### Supplied material:
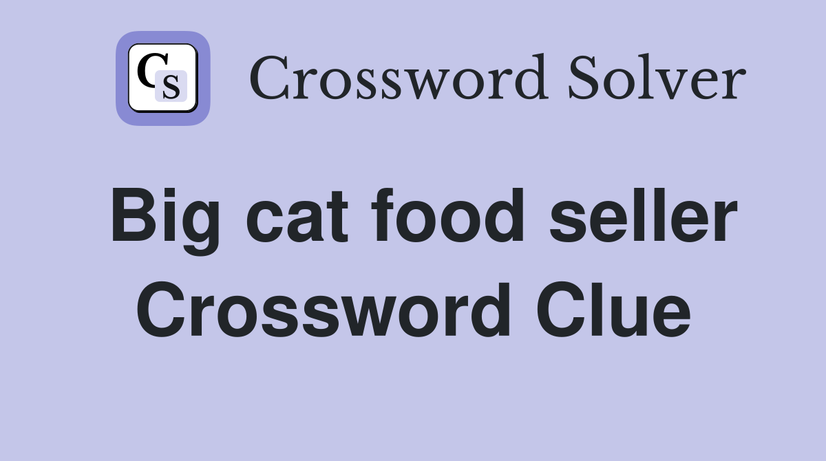 Big cat food seller Crossword Clue Answers Crossword Solver
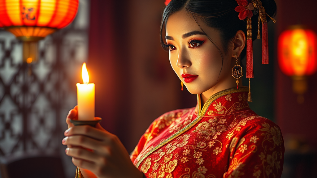 A Chinese woman adorned in traditional oriental attire, holding a glowing candle, depicted in rich dark orange and shimmering gold hues; reminiscent of romantic historical scenes, infused with fairycore elements. The composition captures the essence of a historical event reimagined through a modern lens, infused with webcam photography aesthetics; a blend of historical recreations and traditional artistry, her dress intricately designed with floral patterns, as if crafted entirely from blossoms.
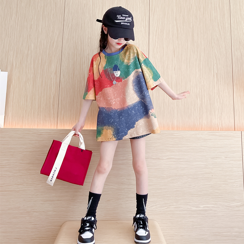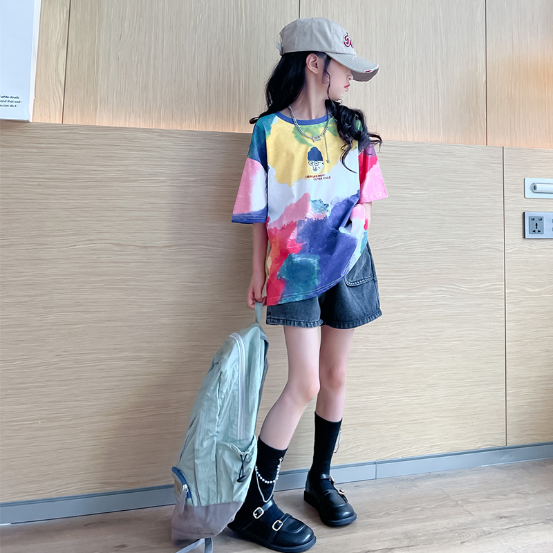 t恤2025新款 洋气童装 儿童衣服大童宽松半袖 女孩夏装 夏季 女童短袖

### Problem description:
Leaving every picture out, repeat each line of the material exactly.

### Completed exercise:
 Big cat food seller Crossword Clue Answers Crossword Solver
 A Chinese woman adorned in traditional oriental attire, holding a glowing candle, depicted in rich dark orange and shimmering gold hues; reminiscent of romantic historical scenes, infused with fairycore elements. The composition captures the essence of a historical event reimagined through a modern lens, infused with webcam photography aesthetics; a blend of historical recreations and traditional artistry, her dress intricately designed with floral patterns, as if crafted entirely from blossoms.
 t恤2025新款 洋气童装 儿童衣服大童宽松半袖 女孩夏装 夏季 女童短袖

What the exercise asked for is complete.